I race toward them. “What’s wrong?”

“Rose has a slight fever.” Dava’s voice is calm but there is concern in her eyes.

“I’m fine,” Rose insists, struggling to sit up. “How did it go with the new arrivals?”

“Fine.” I force my uneasiness down. “Dava, I need to ask you a favor.”

She does not look up. “What is it?”

“I need permission to leave the grounds and go around the lake, just for a little while. I saw someone I know. That is, the American soldier who saved me at Dachau.”

“Paul?” Rose asks eagerly.

I nod. “Anyway, I want to go for a walk with him.”

“You know the rules, Marta,” Dava replies. “Residents are not permitted off the palace grounds.”

“I know. But I was hoping you could make an exception, just this once. Please.”

Dava hesitates. “Curfew is in less than an hour.”

“I was hoping you could sign me in at bed check.” Dava frowns and I can tell that I am pressing my luck.

Rose reaches up, touches Dava’s arm. “Let her go, Dava. For me.”

Dava looks slowly from me to Rose, then back again. She reaches into her pocket and pulls out a piece of paper and a pencil. “Take this pass in case anyone questions your being off grounds,” she says, scribbling something on the paper before handing it to me. “But I want you back by midnight and not a minute longer.”

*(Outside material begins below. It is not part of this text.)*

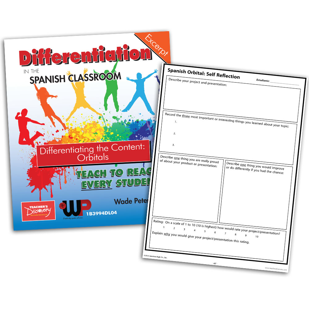 Students invest in what they are learning if it appeals to them when they select projects to pursue. Differentiation in the Spanish Classroom encourages teachers to use a new method of teaching to reach every student individually. Every student learns in a different style and at a different pace. Author Wade Petersen has carefully introduced differentiation and offered suggestions, ideas, and teaching materials to help you integrate differentiation in your classroom.Copyright 2013. Spanish, English. All levels. Reproducible. PDF download, 20 pages. Adobe Reader required to view PDF. img alt=”” src=”//aedownload.net/teachersdiscovery/images/Author_Wade_Petersen.jpg” style=”float: left; border-width: 0px; border-style: solid; margin: 0px 6px; height: 150px; padding-right: 10px;” /About the Author Wade Petersen has been teaching in Iowa for 30 years. He has taught French I, II, III, IV; freshman English; A.P. Composition; A.P. Literature; American literature; world literature and creative writing. He earned his B.A. in French and English from Northwestern College. During his undergraduate years, he studied at theAlliance Fran;ccedil;aisein Paris. In 2001, he earned his master’s degree in Effective Teaching, Learning, and Leadership from Drake University.Petersen has been the recipient of many prestigious awards and has served in leadership roles within the Iowa World Language Association. Petersen’s presentations continue to earn rave reviews, which include being named ;ldquo;Best of Iowa;rdquo; four times. He presents various workshops throughout the U.S. and serves as a keynote speaker at state conferences.Wade Petersen has published over 40 products with Teacher’s Discovery. His best-selling materials are creative, useful, and practical for any classroom. Wade’s publishing philosophy clearly connects with his motto that;ldquo;Creativity Speaks Volumes.;rdquo;

“I will be. Thank you.” I lean down and kiss Rose on the cheek. “And thank you,” I whisper. “But if you aren’t feeling well …”

“I’m fine,” Rose replies softly. “And I’m really happy for you, Marta.”

I race out of the ward and back through the foyer. When I reach the patio, I stop. The spot where Paul sat minutes earlier is deserted. He’s gone, I think. My heart sinks. Perhaps he became tired of waiting for me and went after the other soldiers into town. Hurriedly, I scan the banks. Paul is standing farther to the right along the edge of the lake, head down, back to me, his broad shoulders silhouetted against the last rays of the setting sun. Studying the way his torso tapers to his narrow hips, I feel a tightness in my chest, strong and sudden. I have never felt this way before, not even with Jacob. Easy, I think. It is just a walk, something for him to do while he waits to leave again. I force myself to breathe slowly, struggling to regain my composure.